Reputation: 11
I tried to train the tesseract 4.1 using OCRD project but after training completed I copied the lang.traineddata but getting above error. The tesseractWiki page is very confusing to understand asking to use combine_lang_model after making lstmf file. So Actually I have the lstmf file. I created these file by using tif/box pair. Please help me for further step.
Upvotes: 0
Views: 1459
Reputation: 181
Related discussions:Failed to load any lstm-specific dictionaries for lang xxx
Suppose your training folder like this:
OCRD/makefile
OCRD/data/foo-ground-truth.
You could try as following steps:
Find the WORDLIST_FILE/NUMBERS_FILE/PUNC_FILE in the makefile, and change them to:
WORDLIST_FILE := data/$(MODEL_NAME).wordlist NUMBERS_FILE := data/$(MODEL_NAME).numbers PUNC_FILE := data/$(MODEL_NAME).punc
Suppose your base traineddata is eng.traineddata.
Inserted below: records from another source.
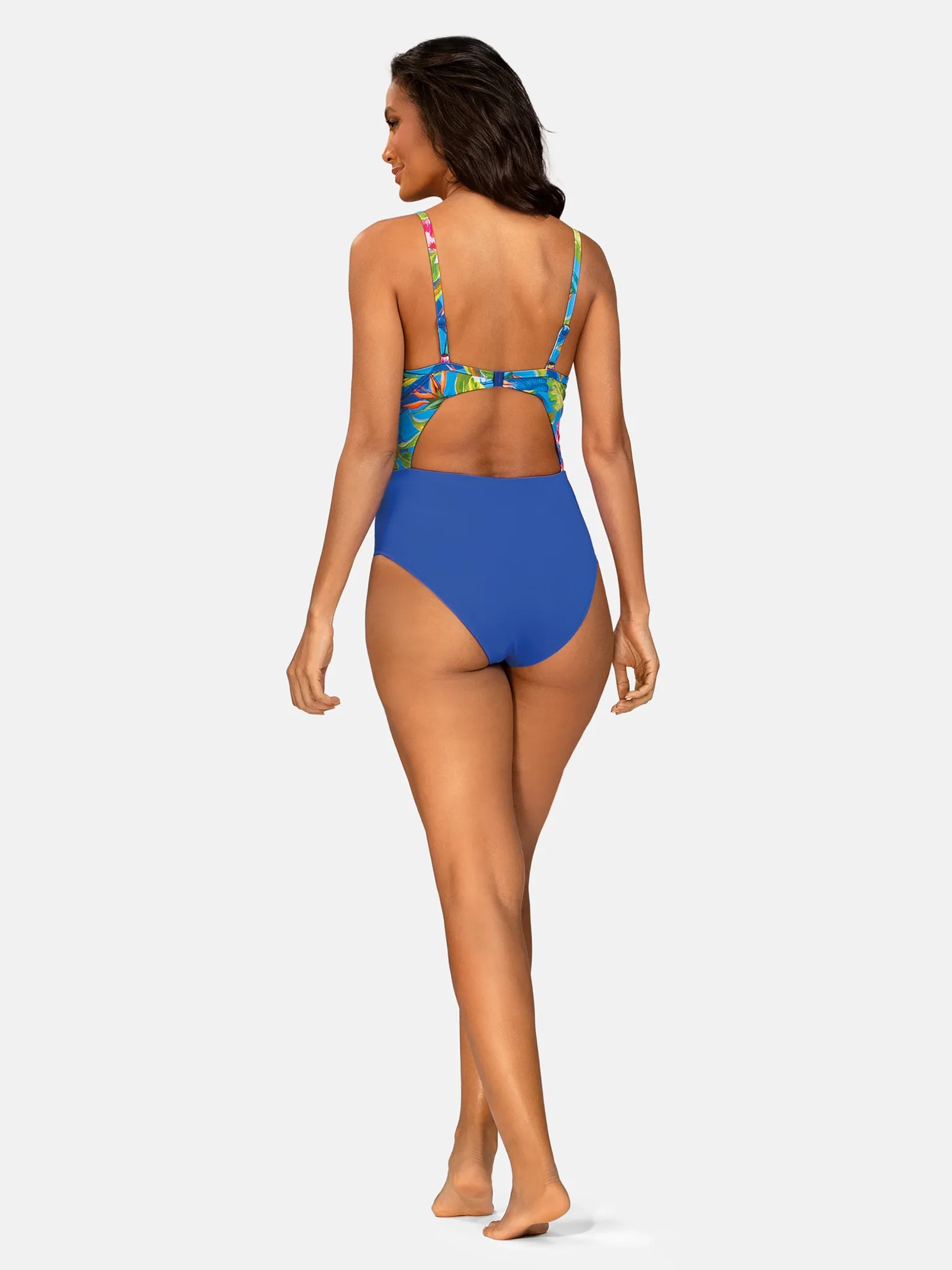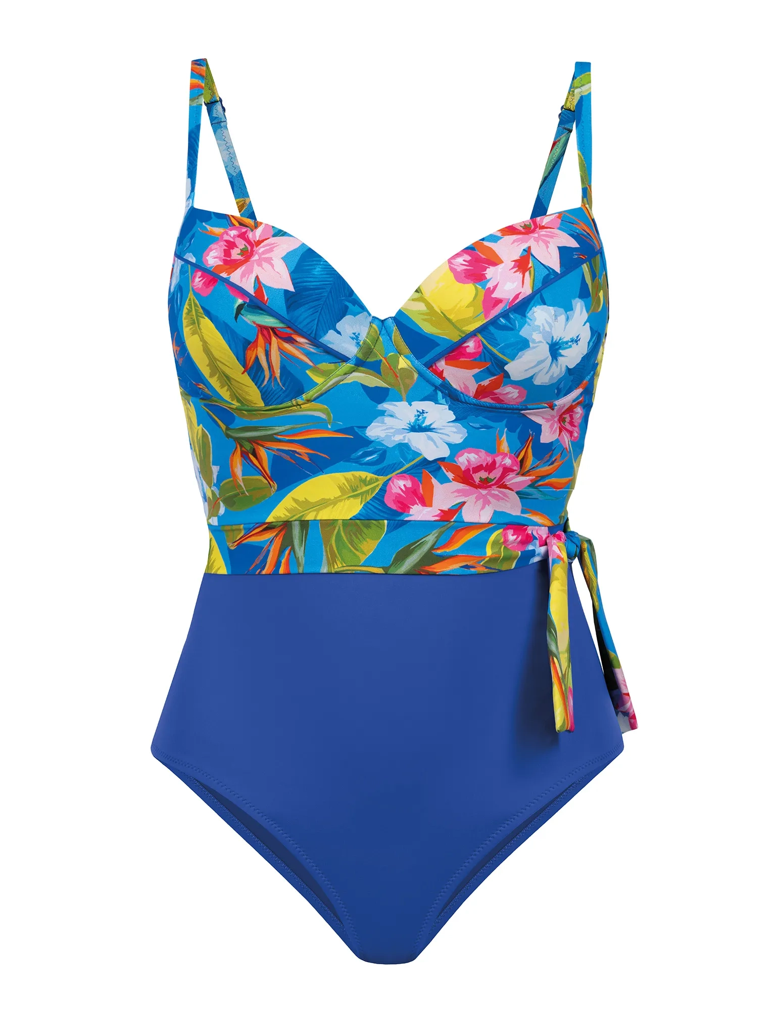 Modelujący jednoczęściowy kostium kąpielowy w tropikalne kwiaty - Twoja figura w najlepszym wydaniu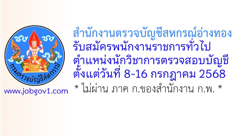 สำนักงานตรวจบัญชีสหกรณ์อ่างทอง รับสมัครพนักงานราชการทั่วไป ตำแหน่งนักวิชาการตรวจสอบบัญชี ตั้งแต่วันที่ 8-16 กรกฎาคม 2568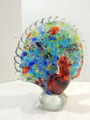 MINCHELLA MURANO STYLE RED & BLUE GLASS PEACOCK. AS SHOWN. VIEW PICTURE FOR DETAIL.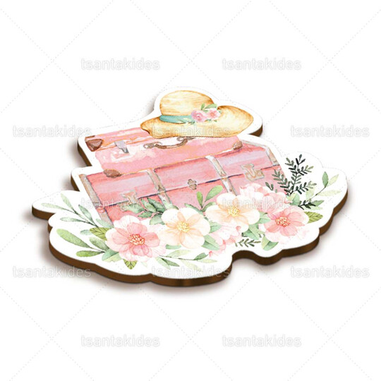 Ξύλινο διακοσμητικό μπομπονιέρας εκτυπωμένο με θέμα travel girl

2.1 Download the .wordlist/.numbers/.punc files from the langdata_lstm.
2.2 Place them in OCRD/data
2.3 if the MODEL_NAME = foo, rename them as: foo.wordlist, foo.numbers, foo.punc
if you don't have the base traineddata, you could try this too. But if your base traineddata is afr, you should download the files from langdata_lstm/afr.
The cause of this error: In OCRD, the default path of the above three files is $ (OUTPUT_DIR) = data / $ (MODEL_NAME), and all files in this path are automatically generated during the training process.
If the variable START_MODEL is not assigned, the makefile will not generate any related files under this path;
If the variable START_MODEL has been assigned, the foo.lstm-number-dawg、foo.lstm-punc-dawg、foo.lstm-word-dawg and so on will be produced in data / $ (MODEL_NAME). But they are not the right one. So there may be a bug in OCRD.
Upvotes: 1